Фантастика 2025-41 — страница 419 из 1580

Тут материя тонкая. Юрист, работающий непосредственно с людьми, видит игру, искреннюю и мощную довольно часто.

Сидела передо мной как-то тётка, значительно старше, с руками труженицы, с честными усталыми глазами, мудростью прожитых лет.

И говорит: «Снимите, пожалуйста, арест дня на три. Я весь долг выплачу за это время. Я Вас очень прошу. Прошу!».

Речь идёт об аресте на сеть её магазинов и автопарк.

Вместе с этим, вся суть в том, что она прожжённая мошенница и плутовка, на которой клейма ставить негде, которая в лёгкую обманывает не только граждан, бизнесменов, но даже свою администрацию, банкиров и совершенно мастерски вешает лапшу на уши в налоговой.

И внутренний мой Станиславский ликует: «Верю!». Говорит: «Ты посмотри на это честное лицо, на крупицы слёз в уголках мудрых глаз!». Сердце моё твердит: «Верю!». Душа верит.

А разум, упрямая машинка для вычислений, говорит: «Вера Николаевна обманула примерно всех, кто ей поверил. И ты! Ты можешь верить, во что хочешь, но арест ты не снимешь!».

Вот такая бывает актёрская игра. Мошенники и плуты — актёры не по диплому, а по призванию. И честный интеллигентный дядечка с лицом пожилого профессора может быть четырежды судимым за мошенничество в особо крупных размерах.

Может.

Поэтому что? С годами фальшь видишь без всякой магии, а людям согласно киваешь, но при этом сопоставляешь факты, документы, другую информацию.

Пропадает само понятие «верить», обрастаешь толстой непробиваемой шкурой.
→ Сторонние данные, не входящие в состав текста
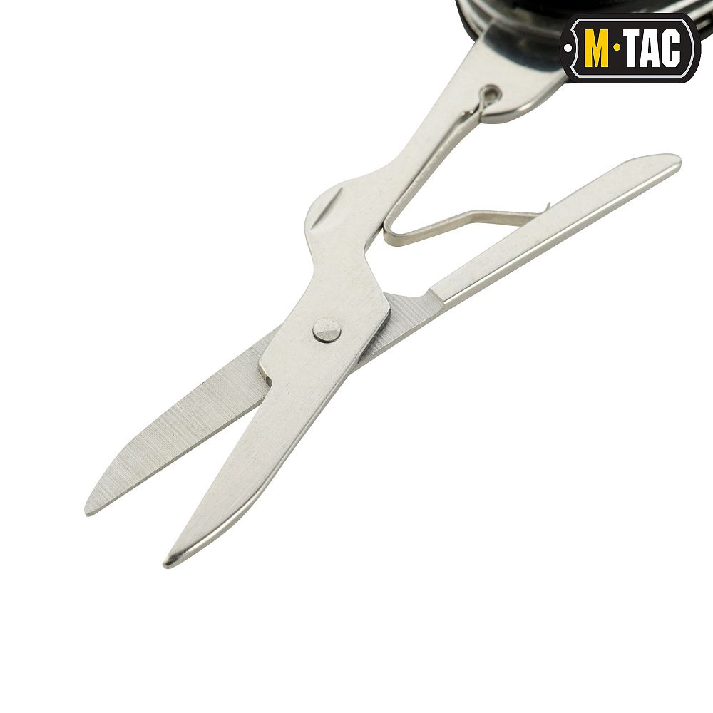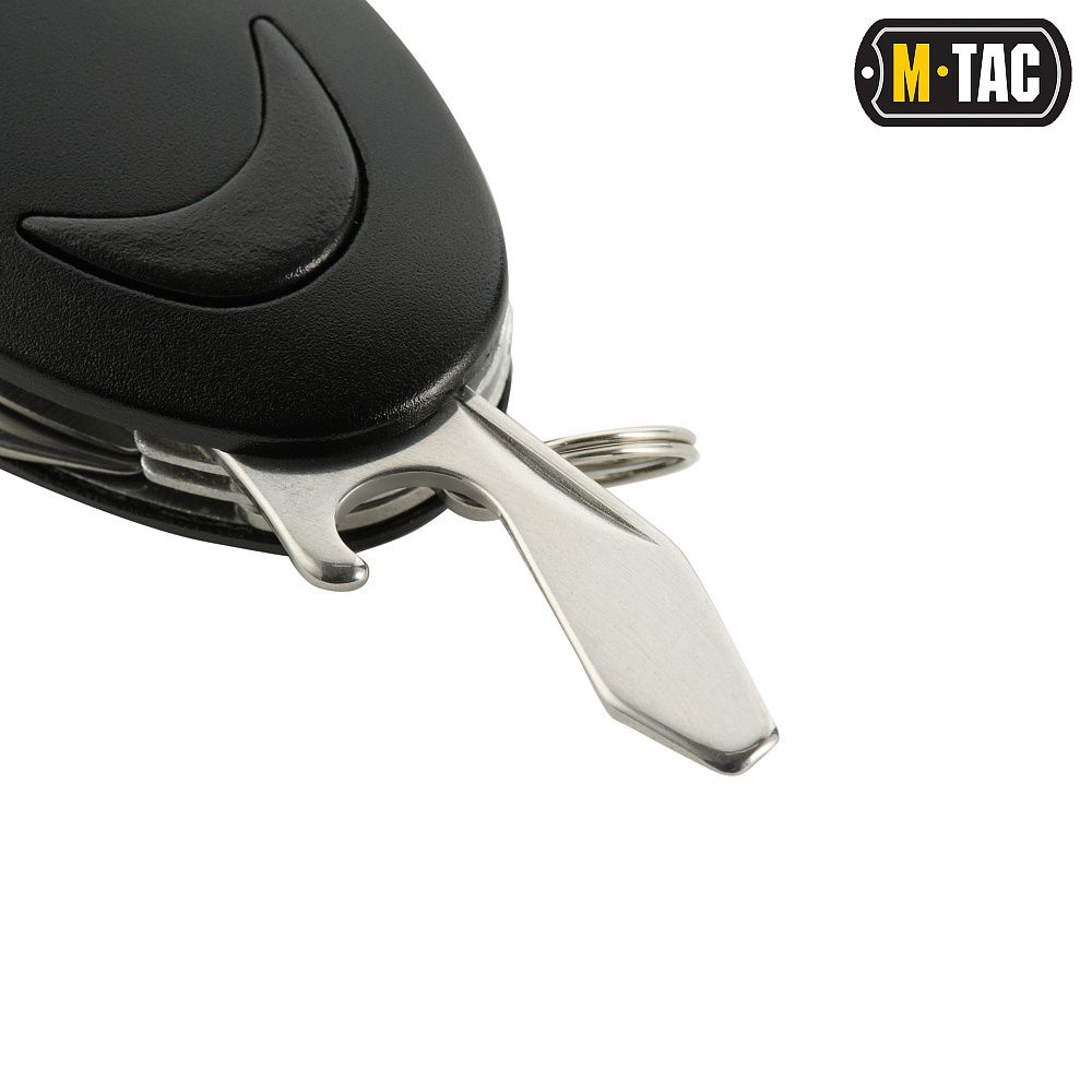 M-Tac ніж складаний малий (7 інструм.) Steel/Black за своєю функціональністю може посперечатися з подібними виробами від відомого швейцарського бренду. Адже в комплект, разом з практичним складаним клинком, входять 7 інструментів. При цьому, розміри і вага набору всього в 95 грамів дозволяють носити його з собою постійно.

Многие юристы, особенно кто крутится в уголовке, становятся чёрствыми.

Ну и попав в театр, как тут верить актёрам, тем более, если они играют «на отшибись»?
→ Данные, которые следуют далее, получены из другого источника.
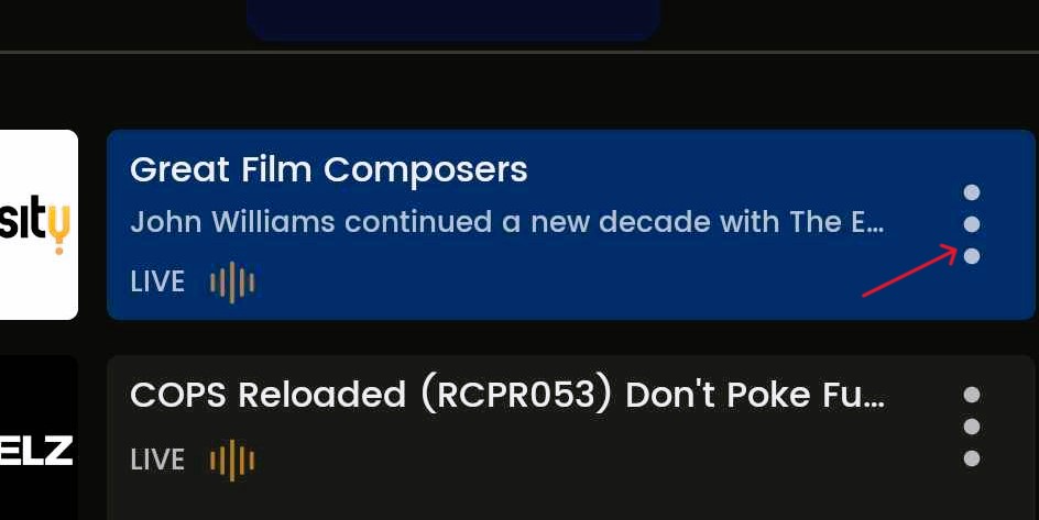 - After finding the show or movie you want to record, press your finger down on the three little dots, on the far right side of that channel description box.

Короче, в постановке, которую я сейчас смотрел, изображая трагический интерес с налётом печали, рядом с блистательной Гадюкиной, которая изящно обмахивалась веером, я с некоторым трудом угадывал сюжет.
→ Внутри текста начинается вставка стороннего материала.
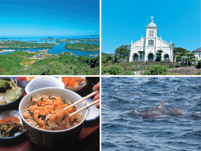 代表的スポット:天草五橋、崎津教会、イルカウォッチング、サンセットライン、天草下田温泉など
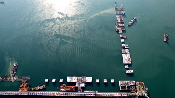本項(xiàng)目52個(gè)沉箱全部一次順利安裝完成,提前完成重要節(jié)點(diǎn)計(jì)劃,為下一步碼頭上部結(jié)構(gòu)的施工提供了工作面,也為下一節(jié)點(diǎn)目標(biāo)的如期建設(shè)創(chuàng)造了良好條件。(古智斤) |

Две малолетние (по сюжету) сестры, которых играли прокуренные матёрые тётки, при этом были похожи друг на друга примерно, как овчарка и пекинес, что лишний раз мешало верить в их родство.

Их сценическая мать, такая же матёрая, неопределённого возраста, разрывалась между необходимостью играть мать двух юных дочерей (которым по повествованию было лет по семнадцать, а по лицу ближе к сороковнику), то есть почтенную даму и желанием молодиться.

Зато мать на сцене легко узнавалась по наличию прыща на носу.

Их отец, который играл безвольного пьяницу и для достоверности был под мухой (его сценическая жена рычала на него довольно натурально), почти не имел реплик.

И эта вся компания окучивала какого-то страдающего лишним весом кудрявого парня, вероятно — завидного жениха с целью пристроить одну из дочерей.

Чтобы было веселее, дочери соревновались между собой, а кудрявый вёл себя пространно.

В какой-то момент даже примерное представление о сюжете, о нити повествования, я безвозвратно утерял и дальше сидел всё больше, как манекен, стараясь поменьше шевелиться.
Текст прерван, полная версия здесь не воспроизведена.